Alice (2022 film)
R 2022 ‧ Drama/Thriller ‧ 1h 38m
Limited Theaters: March 18, 2022
- Rating: R (Some Violence and Language)
- Genre: Mystery & Thriller, Drama
- Director: Krystin Ver Linden
- Stars: KeKe Palmer, Common, Sinqua Walls Johnny Lee Miller, Gaius Charles, Alicia Witt
Synopsis of the film “Alice”: Alice, an enslaved person yearning for freedom on a Georgia plantation, escapes through the woods and stumbles through time into the year 1973. After she meets a disillusioned political activist, played by Common, she confronts the lies that kept her enslaved.
The film is most certainly based on true events inspired by Mae Miller’s family. From accounts that were reported by Miller, her family was forced to pick cotton, clean house, and milk cows—all without being paid—under threat of whippings, rape, and even death. They were passed from white family to white family, their condition never improving.
Wait, you find this hard to believe? Think again. The term is called “peonage,” an illegal practice that flourished in the rural South after slavery was abolished in 1865 and lasted,, until as recently as the 1960s. Under peonage, blacks were forced to work off debts, real or imagined, with free labor under the same types of violent coercion as slavery. In contrast with the more common arrangement known as sharecropping, peons weren’t paid and couldn’t move from the land without permission. And YES, they were cut off from society.
To see first what this family suffered and the games, better lies that were told to this family for decades is just unimaginable. The sad thing is they were not the only family.
This is without question about enslavement on so many levels: White Americans, who to this day want to go back to this way of living/thinking, the enslavement of other cultures, and the disrespect that some blacks try to pass down to others and treating them they way white Americans treat us, visual Alice captures the enslavement of the Black Woman when compared with today from the beauty and strength of being black to now becoming something that is not who they are as Strong Black Women. The messages are strong and clear. The question is, are we paying attention?

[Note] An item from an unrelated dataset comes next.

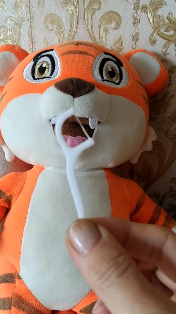 Ребенку 6 лет, чистит зубы с удовольствием и себе и тигру.

This is the breakout performance for KeKe Palmer and that is saying a lot for a talented young lady who has done it all from acting, writing, singing, performing and now adding Executive Producer to her Title as she just wasn’t acting in this film she was invested so as to get the message out. Kudos to Common as well who was Executive Producer as well.
The soundtrack is the most Soulful from a movie standpoint in a long time. Strong 70’s Black movement music. That music had a message and passion. “Alice” is a highly educational and conversational movie that can be dissected and discussed on so many levels, especially in this racially charged climate that we live in.